Compute a Jacobian matrix of a function w.r.t. a tensor

[Maverobot]

Hi,

I'm pretty new here and recently started to learn about mlx by reimplementing existing PyTorch code with mlx. The PyTorch code, which I'm trying to rewrite is

import torch.autograd as autograd

def jacobian(f, x):
    """Computes the Jacobian of f w.r.t x.
    :param f: function R^N -> R^N
    :param x: torch.tensor of shape [B, N]
    :return: Jacobian matrix (torch.tensor) of shape [B, N, N]
    """
    B, N = x.shape
    y = f(x)
    jacobian = list()
    for i in range(N):
        v = torch.zeros_like(y)
        v[:, i] = 1.
        dy_i_dx = autograd.grad(y, x, grad_outputs=v, retain_graph=True, create_graph=True, allow_unused=True)[0]  # shape [B, N]
        jacobian.append(dy_i_dx)
    jacobian = torch.stack(jacobian, dim=2).requires_grad_()
    return jacobian

As far as I understand, the relevant function for this is mlx.core.grad.
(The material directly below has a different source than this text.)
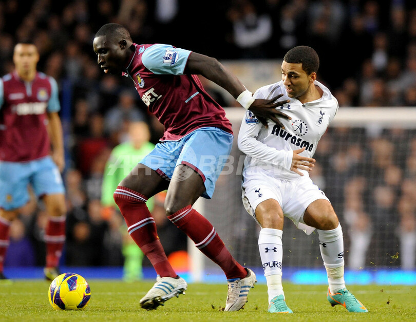 トッテナム・ホットスパーのアーロン・レノン(Aaron Lennon、右)とボールを競るウェストハムのモディボ・マイガ(Modibo Maiga、2012年11月25日撮影)。(c)AFP/OLLY GREENWOOD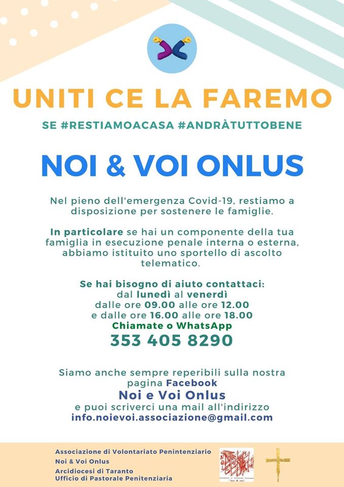L’Associazione Noi e Voi è una delle realtà associative tarantine che sta collaborando con il Segretariato Sociale e la Protezione Civile per la consegna dei farmaci e della spesa a domicilio per persone fragili. Per l’acquisto dei beni da acquistare e consegnare a domicilio è stato firmato un protocollo d’intesa con la Coop. Chiunque abbia necessità o dovesse conoscere qualcuno che ha bisogno di usufruire del servizio, può contattare i volontari dell’associazione ai seguenti recapiti:

However, I could not figure out how to perform partial derivatives with it. I would very appreciate any feedback and help. Thanks!

[awni]

You can do this very nicely in MLX with mx.vjp (or mv.jvp) and mx.vmap. Jax has some really nice documentation on combining vmap and autograd to get Jacobians, Hessians, etc. The ideas mostly translate to MLX with a few slight API changes.

So in MLX you could do:

import mlx.core as mx

def fun(x):
    return x / x.sum()

def jacobian(f, x):
    B, N = x.shape
    I = mx.broadcast_to(mx.eye(N), (B, N, N))
    def vjpfn(y):
        return mx.vjp(f, (x,), (y,))
    return mx.vmap(vjpfn, in_axes=1, out_axes=1)(I)

# B = 2, N = 3
x = mx.array([[1.0, 2.0, 3.0], [4.0, 5.0, 6.0]])
print(jacobian(fun, x))

[awni]

Basic idea:

VJP stands for Vector-Jacobian product. Computing the vector jacobian product - $v^\top J$. So here we use mx.vjp to compute $I J$ which of course is just $J$.

[Maverobot]

I definitely did not expect such a simple solution. Thank you also for pointing out the nice documentation of Jax!